__REQUIRED WORK__
Set every entry down again, unchanged, picture-free.

※

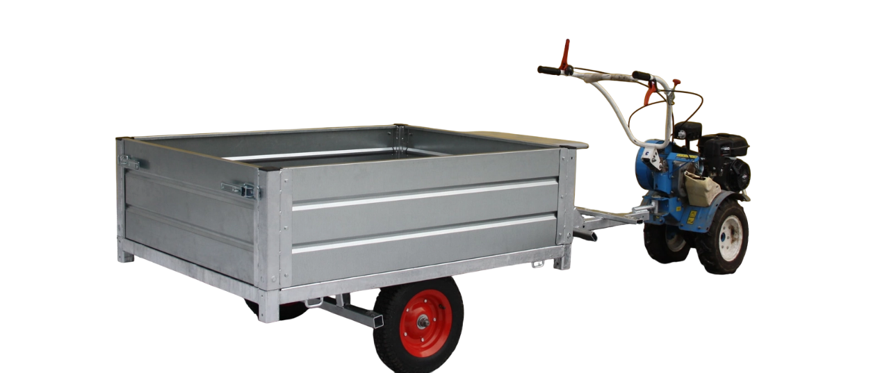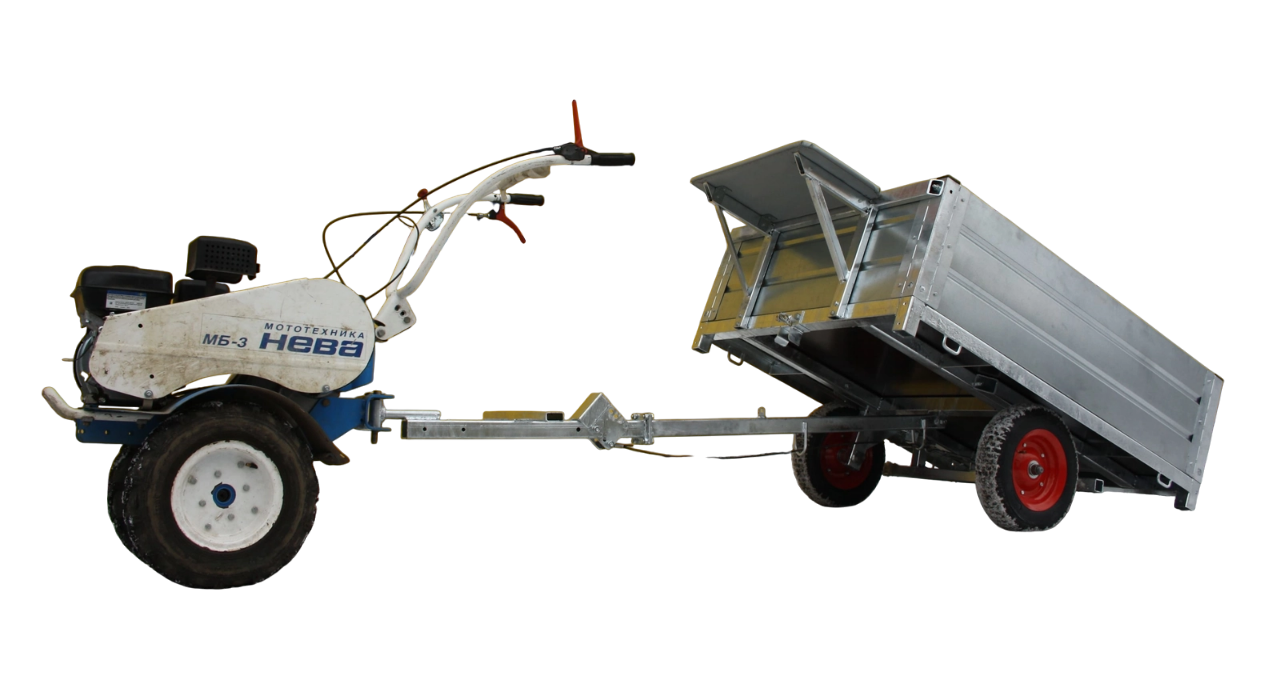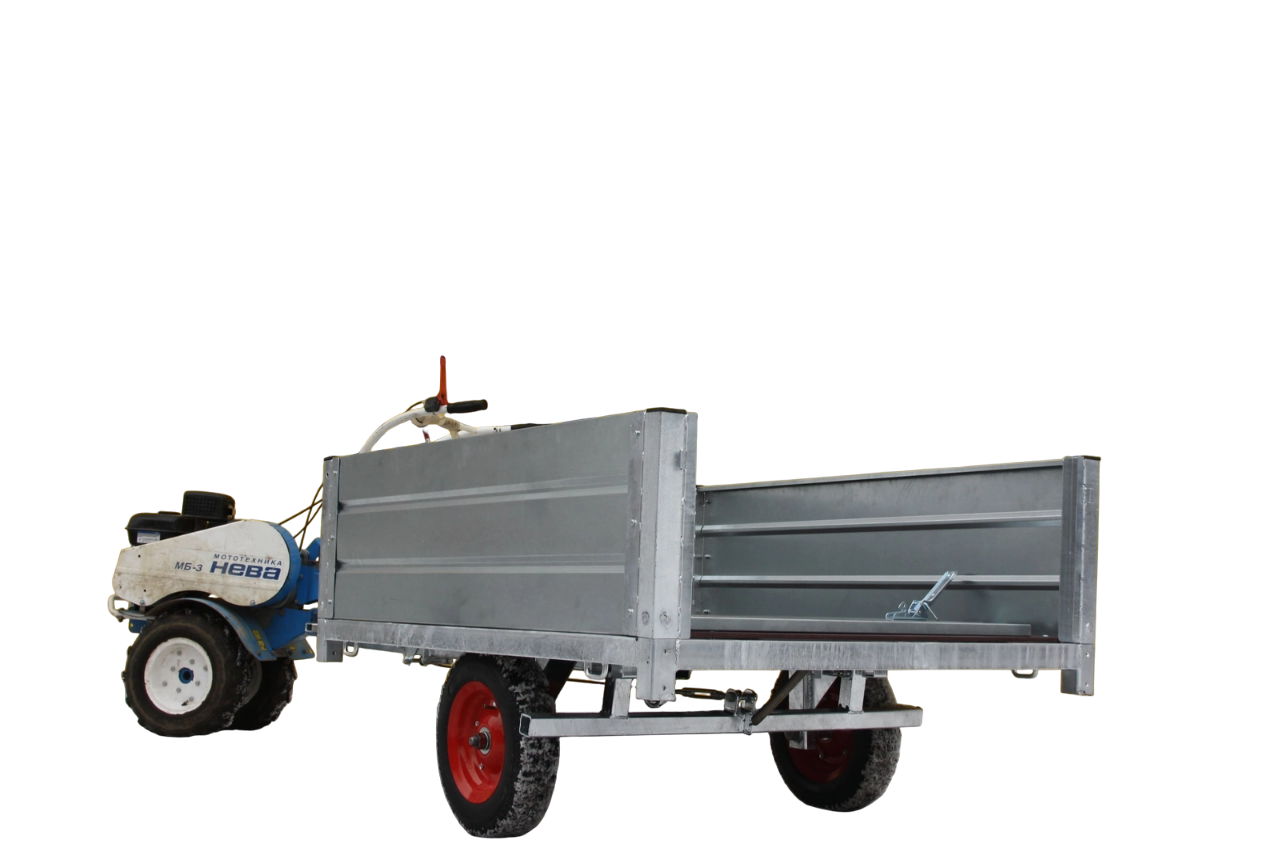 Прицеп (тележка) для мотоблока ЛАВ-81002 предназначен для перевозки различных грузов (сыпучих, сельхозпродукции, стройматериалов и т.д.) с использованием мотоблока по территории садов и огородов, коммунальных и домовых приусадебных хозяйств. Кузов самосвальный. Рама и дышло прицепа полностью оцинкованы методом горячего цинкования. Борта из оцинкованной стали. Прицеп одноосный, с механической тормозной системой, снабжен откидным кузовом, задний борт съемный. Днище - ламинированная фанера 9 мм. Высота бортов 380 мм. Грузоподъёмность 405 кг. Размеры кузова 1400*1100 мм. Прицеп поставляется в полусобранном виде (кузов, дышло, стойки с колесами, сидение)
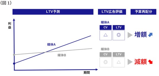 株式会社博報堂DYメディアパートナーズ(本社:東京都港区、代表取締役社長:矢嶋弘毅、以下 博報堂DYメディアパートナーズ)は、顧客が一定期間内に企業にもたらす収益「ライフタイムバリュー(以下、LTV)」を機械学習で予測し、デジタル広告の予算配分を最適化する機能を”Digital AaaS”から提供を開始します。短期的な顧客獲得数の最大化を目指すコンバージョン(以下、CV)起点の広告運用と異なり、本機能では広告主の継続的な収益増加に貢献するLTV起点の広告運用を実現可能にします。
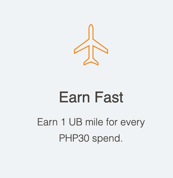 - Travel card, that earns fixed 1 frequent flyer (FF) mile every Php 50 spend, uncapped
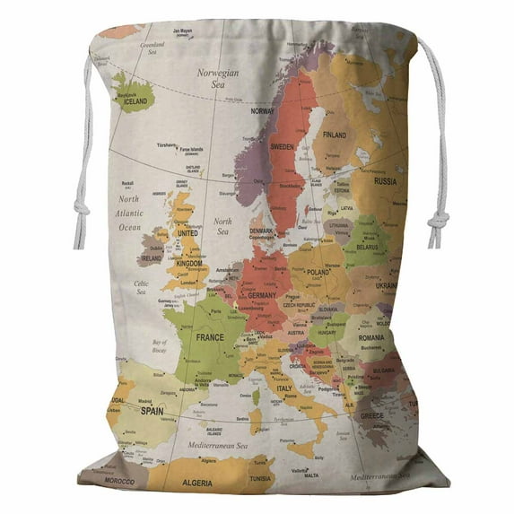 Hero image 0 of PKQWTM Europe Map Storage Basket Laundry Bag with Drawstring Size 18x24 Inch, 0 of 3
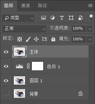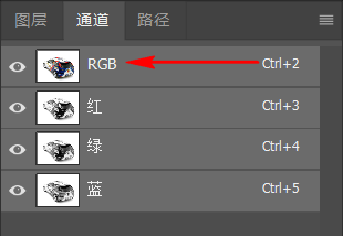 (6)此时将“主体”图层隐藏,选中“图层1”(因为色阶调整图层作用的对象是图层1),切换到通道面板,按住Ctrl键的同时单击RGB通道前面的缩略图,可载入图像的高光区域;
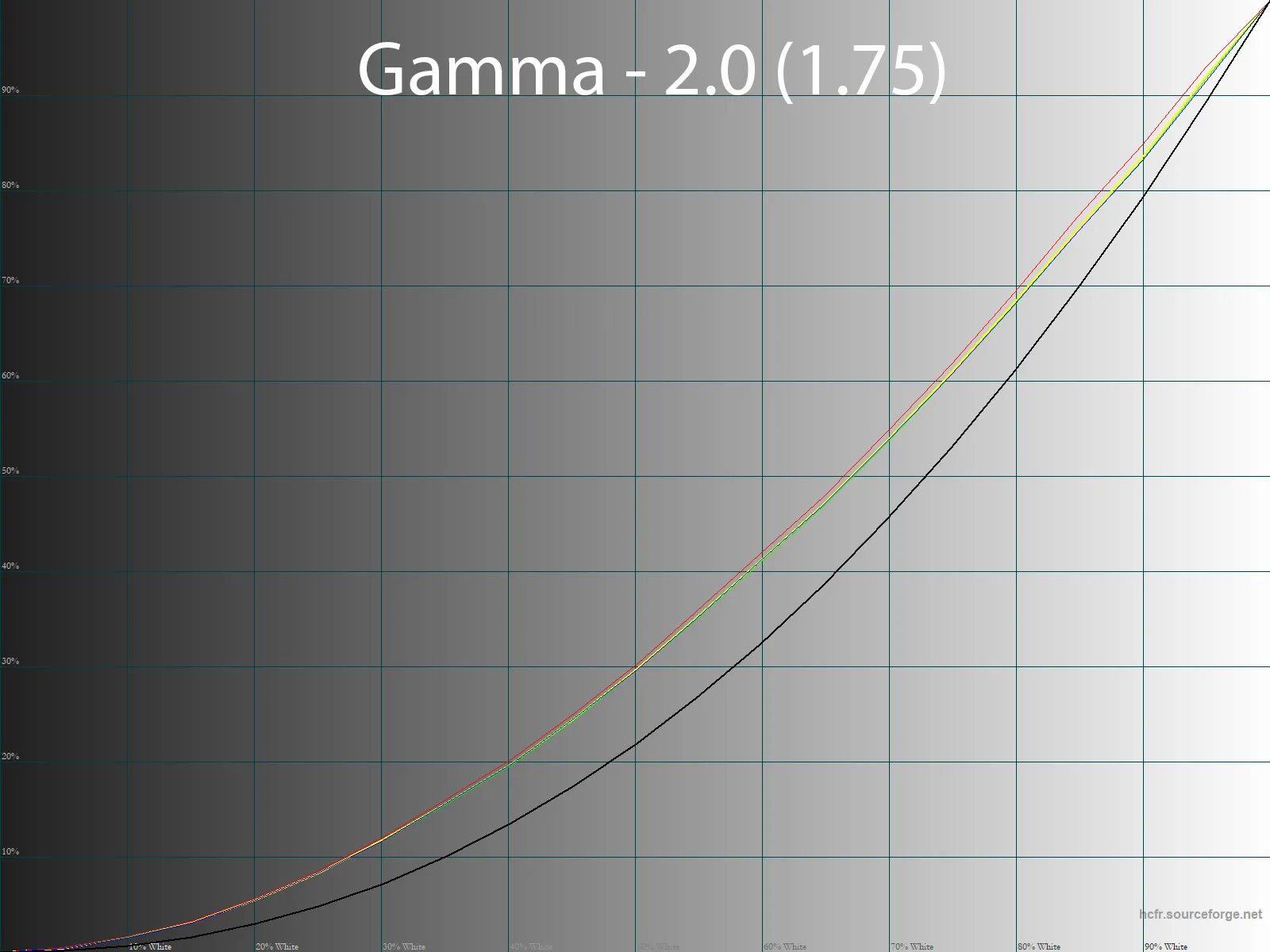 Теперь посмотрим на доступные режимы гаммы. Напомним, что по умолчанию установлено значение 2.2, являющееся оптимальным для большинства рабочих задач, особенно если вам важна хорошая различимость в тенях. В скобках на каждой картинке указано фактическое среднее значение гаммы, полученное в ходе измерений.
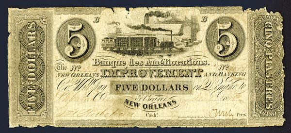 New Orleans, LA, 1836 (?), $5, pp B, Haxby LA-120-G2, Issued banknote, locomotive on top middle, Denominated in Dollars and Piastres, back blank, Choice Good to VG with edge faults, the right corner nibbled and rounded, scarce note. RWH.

※

__RESULT BELOW__
 Прицеп (тележка) для мотоблока ЛАВ-81002 предназначен для перевозки различных грузов (сыпучих, сельхозпродукции, стройматериалов и т.д.) с использованием мотоблока по территории садов и огородов, коммунальных и домовых приусадебных хозяйств. Кузов самосвальный. Рама и дышло прицепа полностью оцинкованы методом горячего цинкования. Борта из оцинкованной стали. Прицеп одноосный, с механической тормозной системой, снабжен откидным кузовом, задний борт съемный. Днище - ламинированная фанера 9 мм. Высота бортов 380 мм. Грузоподъёмность 405 кг. Размеры кузова 1400*1100 мм. Прицеп поставляется в полусобранном виде (кузов, дышло, стойки с колесами, сидение)
 株式会社博報堂DYメディアパートナーズ(本社:東京都港区、代表取締役社長:矢嶋弘毅、以下 博報堂DYメディアパートナーズ)は、顧客が一定期間内に企業にもたらす収益「ライフタイムバリュー(以下、LTV)」を機械学習で予測し、デジタル広告の予算配分を最適化する機能を”Digital AaaS”から提供を開始します。短期的な顧客獲得数の最大化を目指すコンバージョン(以下、CV)起点の広告運用と異なり、本機能では広告主の継続的な収益増加に貢献するLTV起点の広告運用を実現可能にします。
 - Travel card, that earns fixed 1 frequent flyer (FF) mile every Php 50 spend, uncapped
 Hero image 0 of PKQWTM Europe Map Storage Basket Laundry Bag with Drawstring Size 18x24 Inch, 0 of 3
 (6)此时将“主体”图层隐藏,选中“图层1”(因为色阶调整图层作用的对象是图层1),切换到通道面板,按住Ctrl键的同时单击RGB通道前面的缩略图,可载入图像的高光区域;
 Теперь посмотрим на доступные режимы гаммы. Напомним, что по умолчанию установлено значение 2.2, являющееся оптимальным для большинства рабочих задач, особенно если вам важна хорошая различимость в тенях. В скобках на каждой картинке указано фактическое среднее значение гаммы, полученное в ходе измерений.
 New Orleans, LA, 1836 (?), $5, pp B, Haxby LA-120-G2, Issued banknote, locomotive on top middle, Denominated in Dollars and Piastres, back blank, Choice Good to VG with edge faults, the right corner nibbled and rounded, scarce note. RWH.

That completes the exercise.